- Material for the task
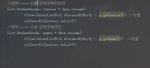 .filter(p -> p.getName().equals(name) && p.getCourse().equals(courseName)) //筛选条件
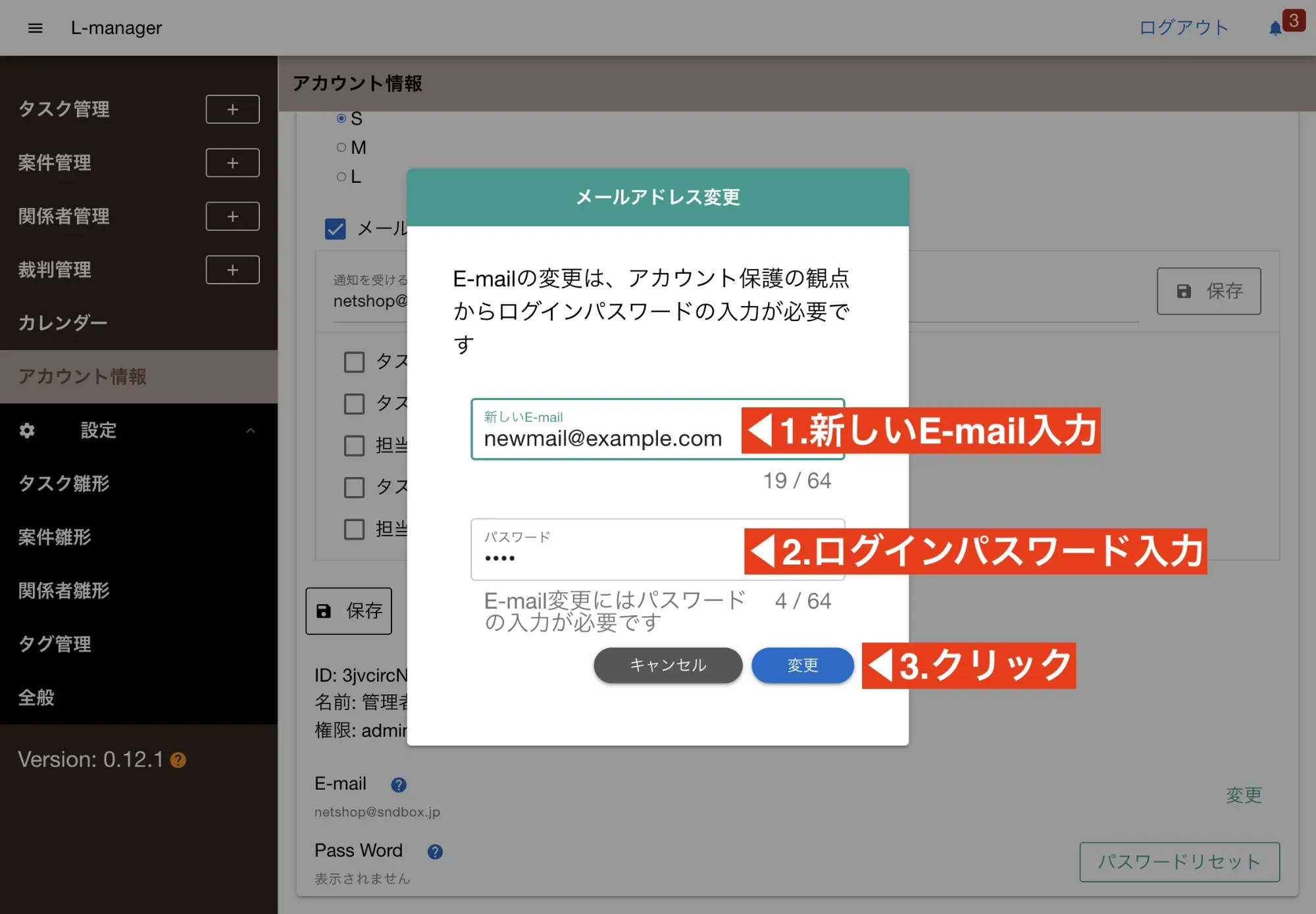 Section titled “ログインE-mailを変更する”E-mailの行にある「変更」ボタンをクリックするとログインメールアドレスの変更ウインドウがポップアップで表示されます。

...

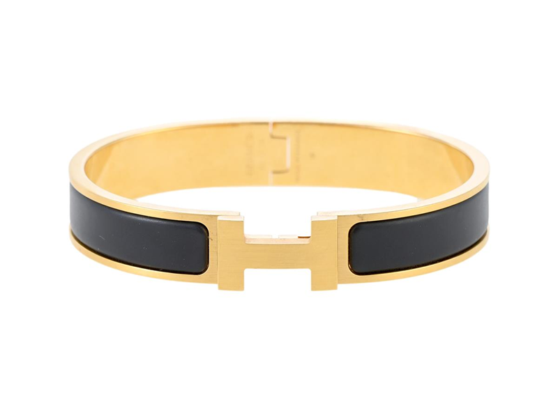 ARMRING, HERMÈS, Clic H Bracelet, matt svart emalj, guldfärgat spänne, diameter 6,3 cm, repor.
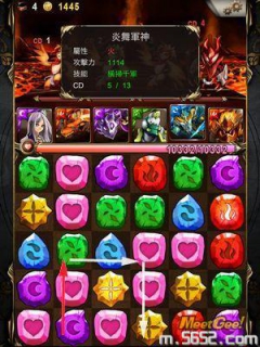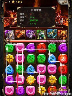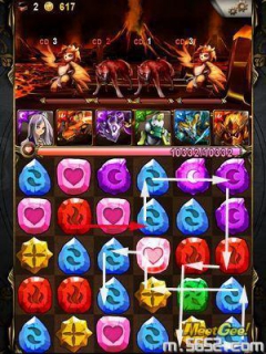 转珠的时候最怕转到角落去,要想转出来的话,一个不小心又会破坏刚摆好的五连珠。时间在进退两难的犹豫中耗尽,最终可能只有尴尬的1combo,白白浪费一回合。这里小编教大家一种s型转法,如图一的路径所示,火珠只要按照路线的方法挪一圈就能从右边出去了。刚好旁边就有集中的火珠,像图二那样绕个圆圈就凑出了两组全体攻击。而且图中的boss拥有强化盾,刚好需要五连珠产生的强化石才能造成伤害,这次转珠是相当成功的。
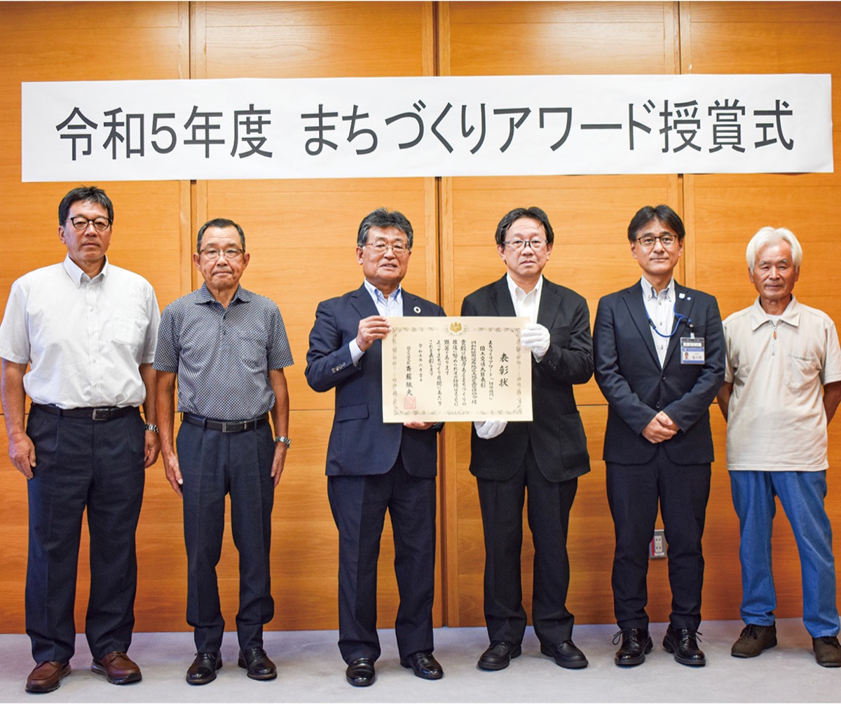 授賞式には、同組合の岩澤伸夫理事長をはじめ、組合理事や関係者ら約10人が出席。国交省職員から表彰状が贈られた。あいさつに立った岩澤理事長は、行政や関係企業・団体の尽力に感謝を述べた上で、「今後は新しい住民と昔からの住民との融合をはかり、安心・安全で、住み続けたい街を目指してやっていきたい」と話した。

==

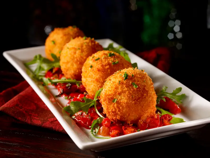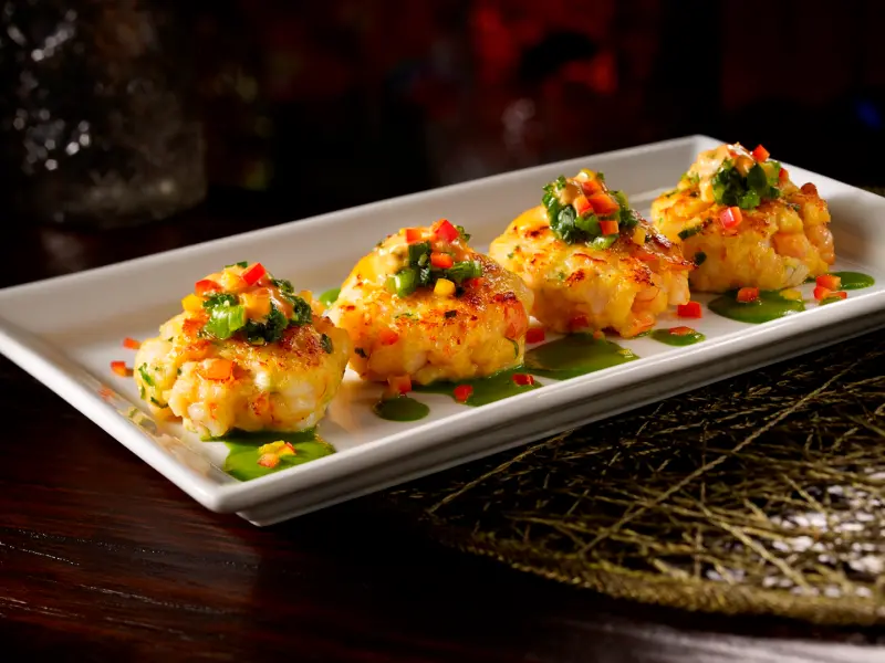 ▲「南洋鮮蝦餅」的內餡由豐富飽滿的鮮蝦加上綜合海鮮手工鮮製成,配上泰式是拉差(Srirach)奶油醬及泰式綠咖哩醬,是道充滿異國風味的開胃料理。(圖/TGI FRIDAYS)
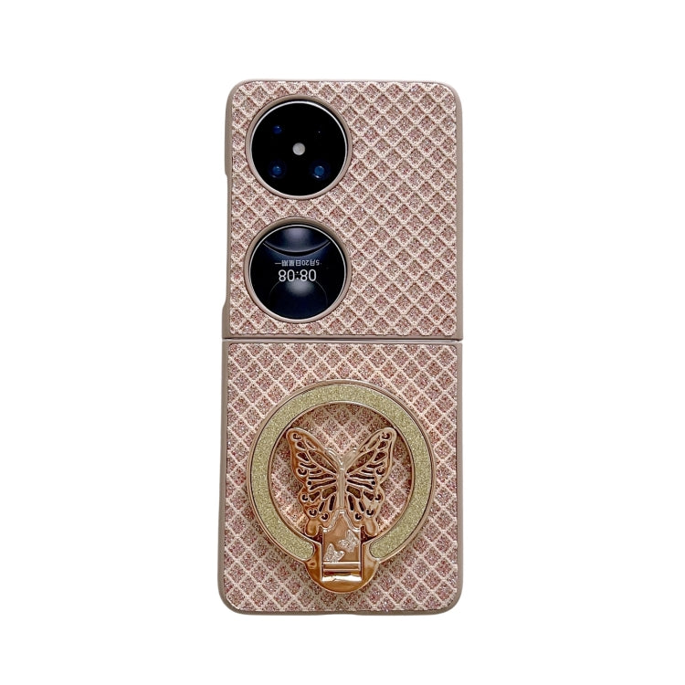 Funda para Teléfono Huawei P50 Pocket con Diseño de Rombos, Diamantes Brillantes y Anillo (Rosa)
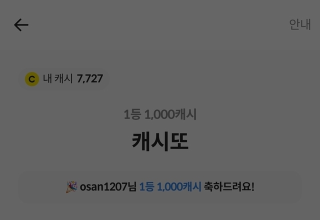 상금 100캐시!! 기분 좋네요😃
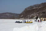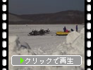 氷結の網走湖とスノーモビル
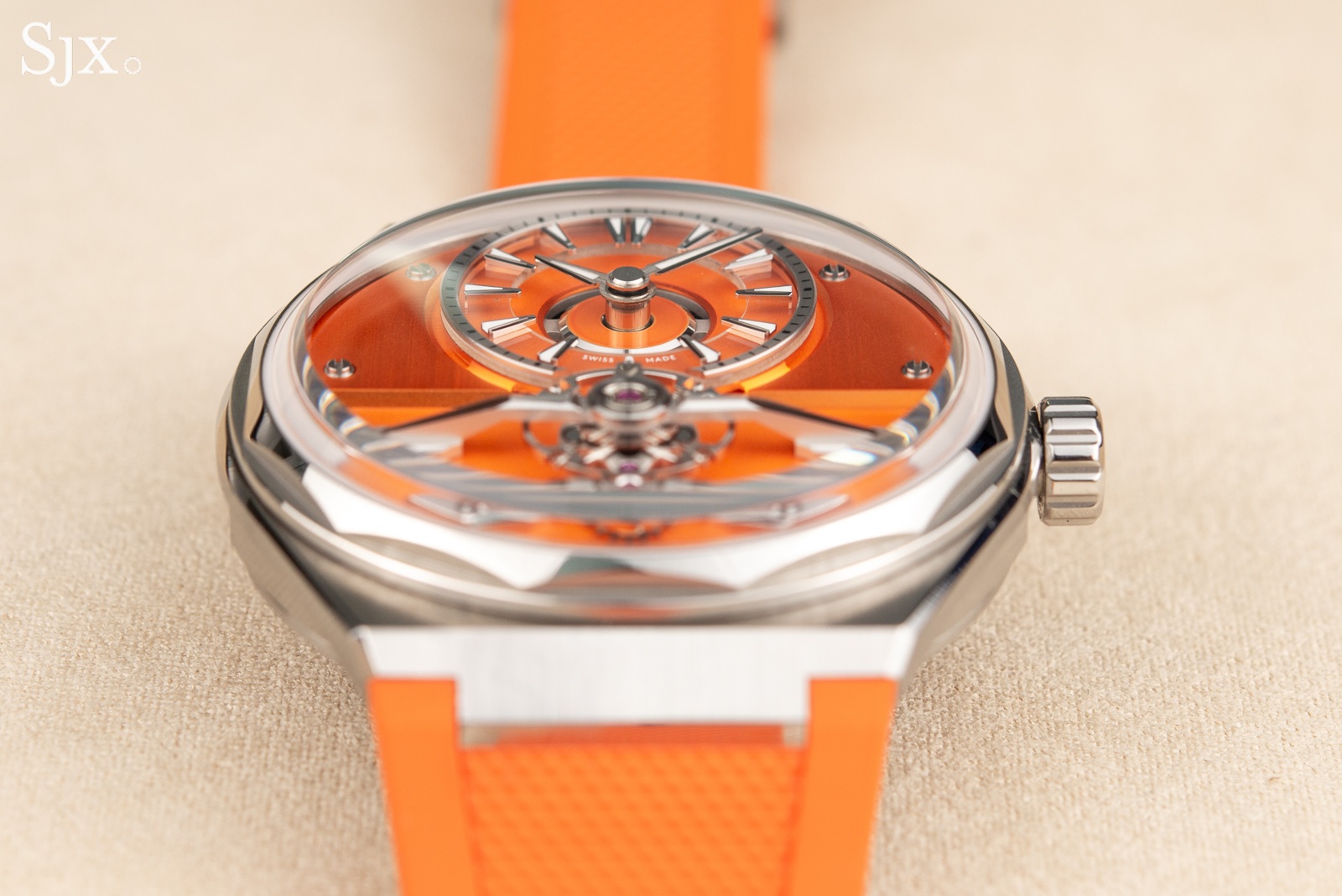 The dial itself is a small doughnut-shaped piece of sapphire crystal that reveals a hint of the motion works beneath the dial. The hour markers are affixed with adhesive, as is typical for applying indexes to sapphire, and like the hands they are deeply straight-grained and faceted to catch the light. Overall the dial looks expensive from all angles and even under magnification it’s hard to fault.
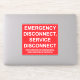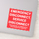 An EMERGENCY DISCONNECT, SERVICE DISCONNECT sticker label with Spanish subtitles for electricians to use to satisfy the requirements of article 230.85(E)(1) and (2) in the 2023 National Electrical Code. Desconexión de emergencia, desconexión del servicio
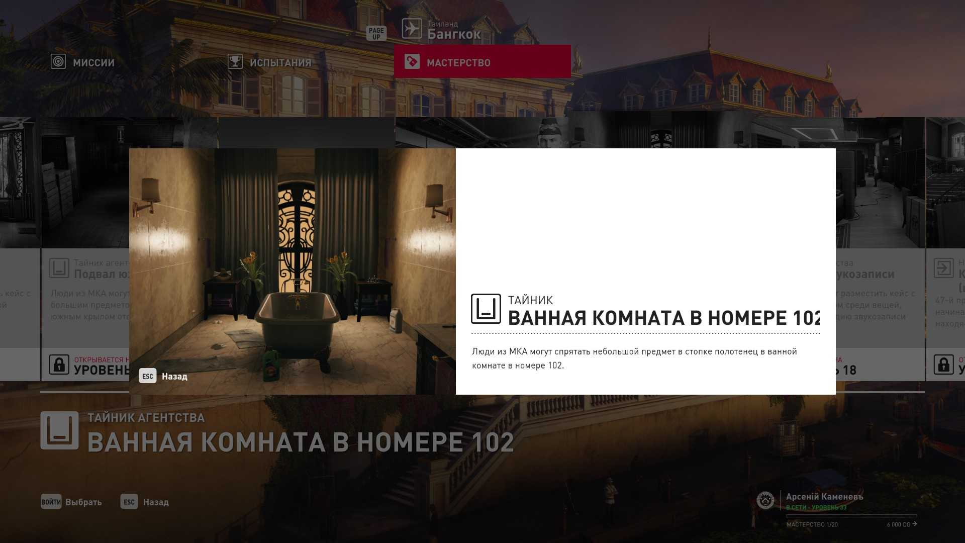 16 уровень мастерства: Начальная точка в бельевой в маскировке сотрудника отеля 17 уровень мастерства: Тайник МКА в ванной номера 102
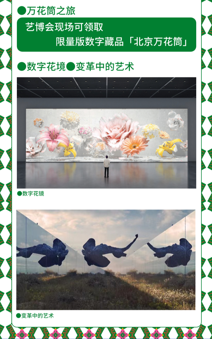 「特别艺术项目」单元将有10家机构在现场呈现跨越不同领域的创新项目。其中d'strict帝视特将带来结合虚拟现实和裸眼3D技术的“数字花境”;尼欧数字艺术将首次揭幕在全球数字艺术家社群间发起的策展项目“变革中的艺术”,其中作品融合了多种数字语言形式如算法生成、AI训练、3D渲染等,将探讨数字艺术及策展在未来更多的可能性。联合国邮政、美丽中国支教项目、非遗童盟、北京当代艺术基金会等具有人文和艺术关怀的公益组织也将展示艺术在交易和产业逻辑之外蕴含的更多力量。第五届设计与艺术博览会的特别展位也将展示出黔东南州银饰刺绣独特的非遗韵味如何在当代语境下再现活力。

- Exercise instructions
Please transcribe exactly the part of the records that opens with the line containing "Funda para Teléfono" and closes with the line containing "氷結の網走湖とスノーモビル", both ends included, and leave out the pictures.

- Result of the task
 Funda para Teléfono Huawei P50 Pocket con Diseño de Rombos, Diamantes Brillantes y Anillo (Rosa)
 상금 100캐시!! 기분 좋네요😃
 氷結の網走湖とスノーモビル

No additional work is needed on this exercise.